Shrimp Ceviche

User Reviews

4.6

174 reviews
Excellent
  • Prep Time

    10 mins

  • Marinating Time

    30 mins

  • Total Time

    40 mins

  • Servings

    4

  • Calories

    305 kcal

  • Cuisine

    American

Shrimp Ceviche

Shrimp Ceviche uses raw shrimp marinated in lime juice until firm and opaque, then combined with chopped tomatoes, avocado, jalapeno, cucumber, red onion, and cilantro. The citrus 'cooks' the shrimp, resulting in a fresh, bright dish with a balance of spicy, tangy, and creamy textures. It is served chilled, typically with tostados or tortilla chips.

Description

This Shrimp Ceviche recipe starts by seasoning cleaned, raw shrimp with kosher salt and immersing them in freshly squeezed lime juice to marinate in the refrigerator for 30 to 60 minutes. The acid from the lime juice firms the shrimp’s texture by denaturing the proteins, effectively 'cooking' them without heat.

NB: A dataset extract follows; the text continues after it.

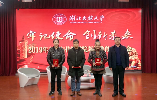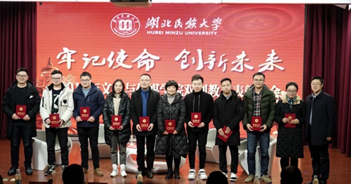 12月15日晚,文学与传媒学院在演播厅隆重举行“牢记使命 创新未来”2019年度双创教育表彰大会。学校党委委员、宣传部常务副部长唐敦双,教务处处长谭世明,科技学院院长廖云,教务处副处长谭华和创新创业教育学院副院长易金桥出席了表彰大会,并为相关学科赛事的获奖师生颁奖。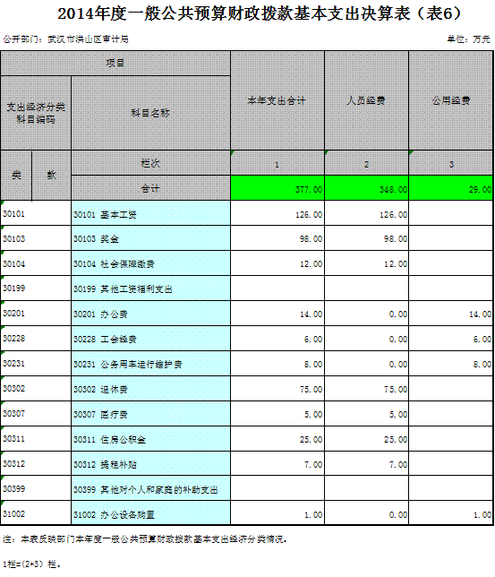 六、2014年度一般公共预算财政拨款基本支出决算表(表6)

The ceviche combines the marinated shrimp with diced Roma tomatoes, cubed avocado, finely chopped jalapeno (adjusted for spice level), cucumber, thinly sliced red onion, and minced cilantro. Seasoned further with black pepper and additional salt, the mixture is stirred until evenly combined. The balance of creamy avocado, crisp vegetables, and spicy pepper complements the tangy lime-cured shrimp.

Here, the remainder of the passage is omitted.